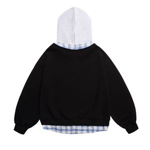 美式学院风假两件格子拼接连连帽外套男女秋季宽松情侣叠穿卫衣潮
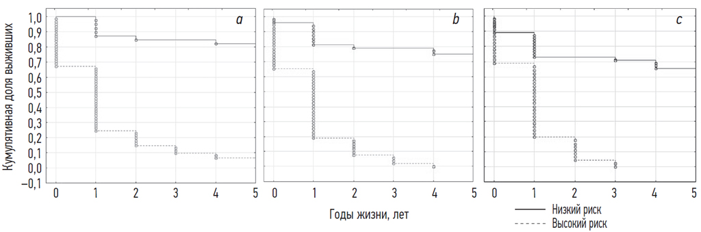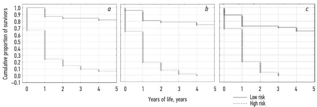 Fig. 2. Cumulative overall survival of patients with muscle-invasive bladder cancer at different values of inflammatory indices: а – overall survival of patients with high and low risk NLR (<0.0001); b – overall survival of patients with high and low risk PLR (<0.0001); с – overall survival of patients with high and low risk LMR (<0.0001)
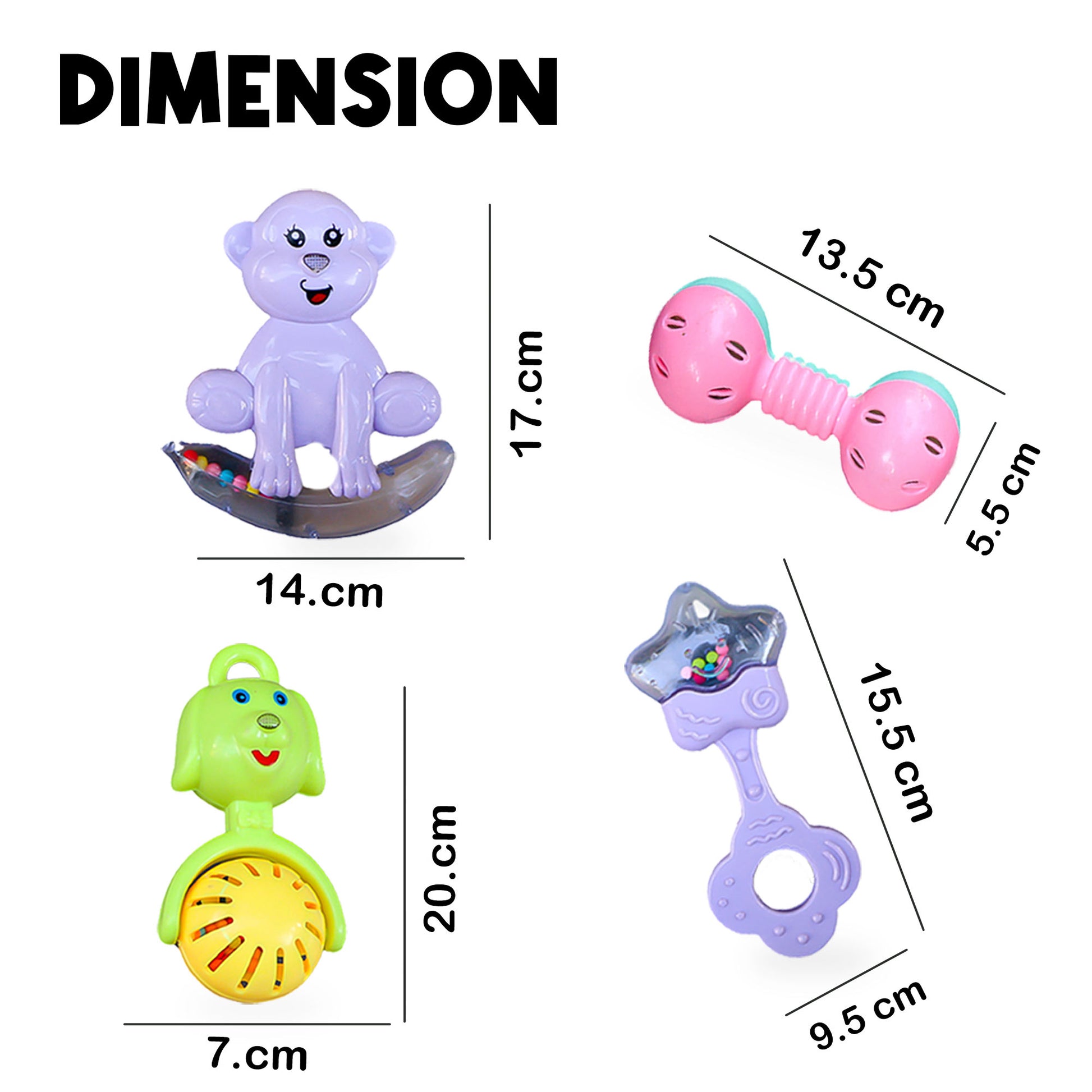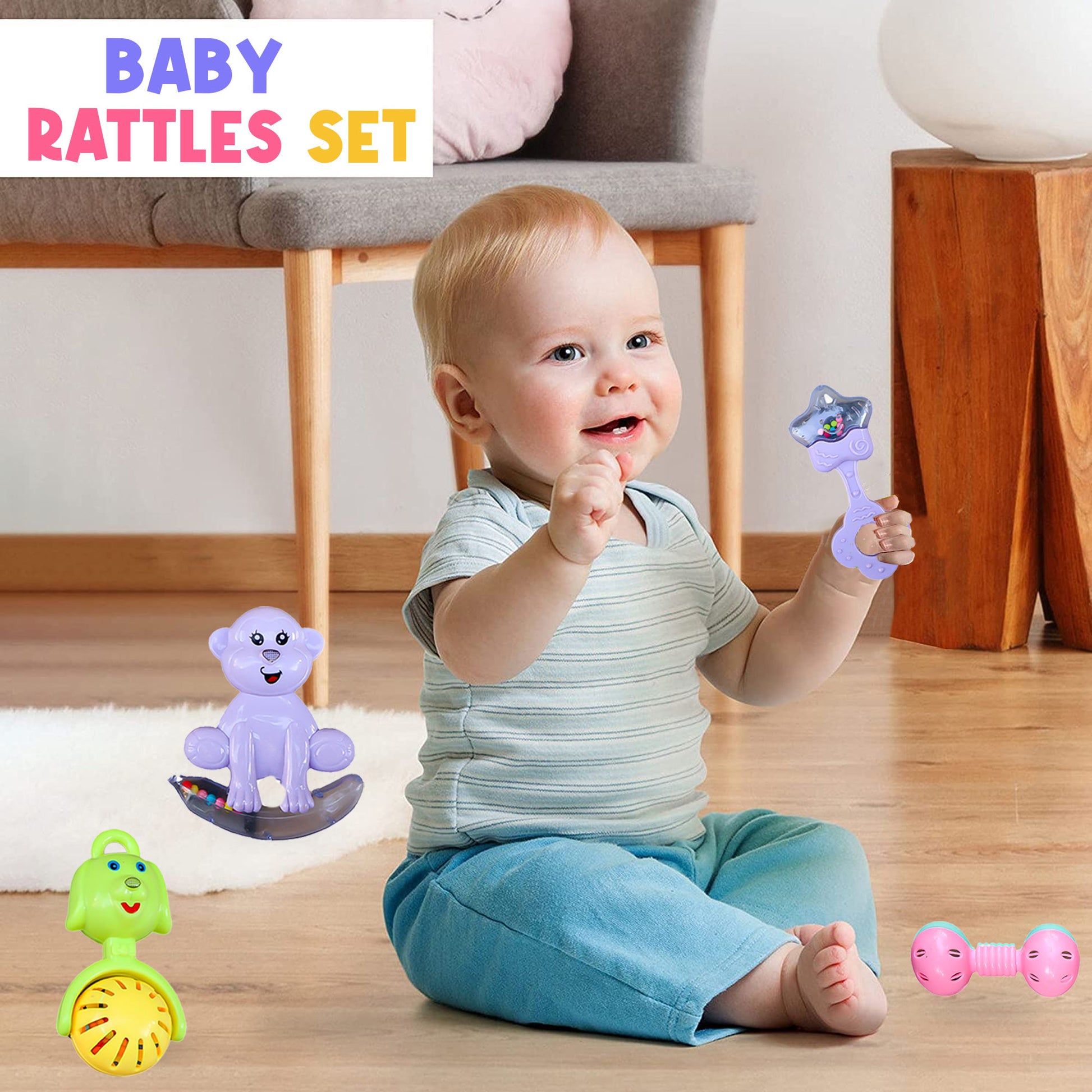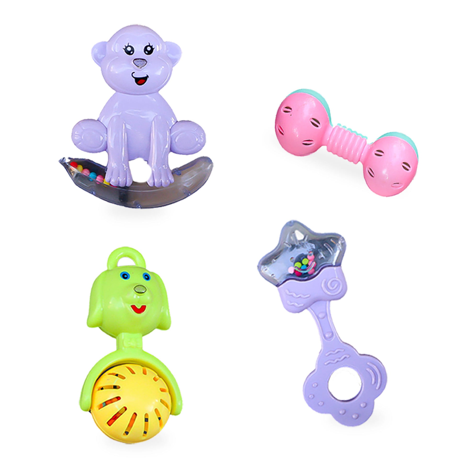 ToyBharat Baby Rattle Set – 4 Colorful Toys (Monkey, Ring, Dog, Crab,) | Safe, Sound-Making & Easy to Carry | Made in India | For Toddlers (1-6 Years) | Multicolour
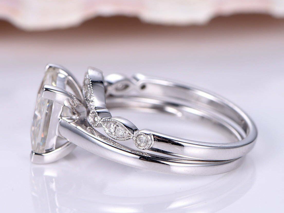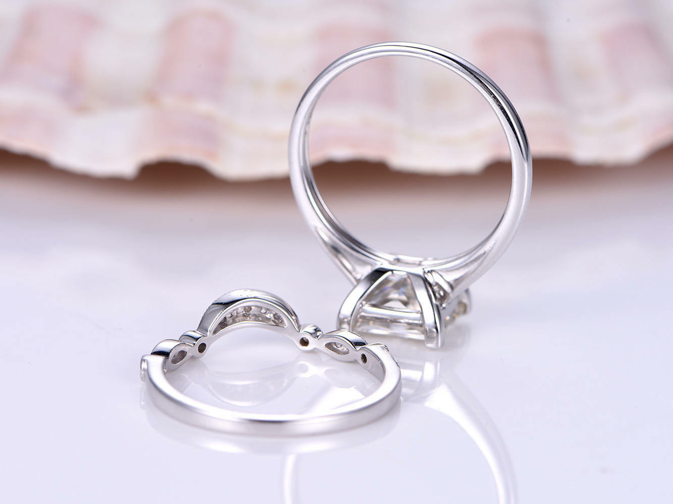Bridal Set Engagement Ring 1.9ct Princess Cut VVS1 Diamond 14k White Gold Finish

- [Exercise brief]:
Copy out exactly, with no pictures, the lines of the data from the first one through the line bearing "Fig. 2. Cumulative".

- [Expected output]:
 美式学院风假两件格子拼接连连帽外套男女秋季宽松情侣叠穿卫衣潮
 Fig. 2. Cumulative overall survival of patients with muscle-invasive bladder cancer at different values of inflammatory indices: а – overall survival of patients with high and low risk NLR (<0.0001); b – overall survival of patients with high and low risk PLR (<0.0001); с – overall survival of patients with high and low risk LMR (<0.0001)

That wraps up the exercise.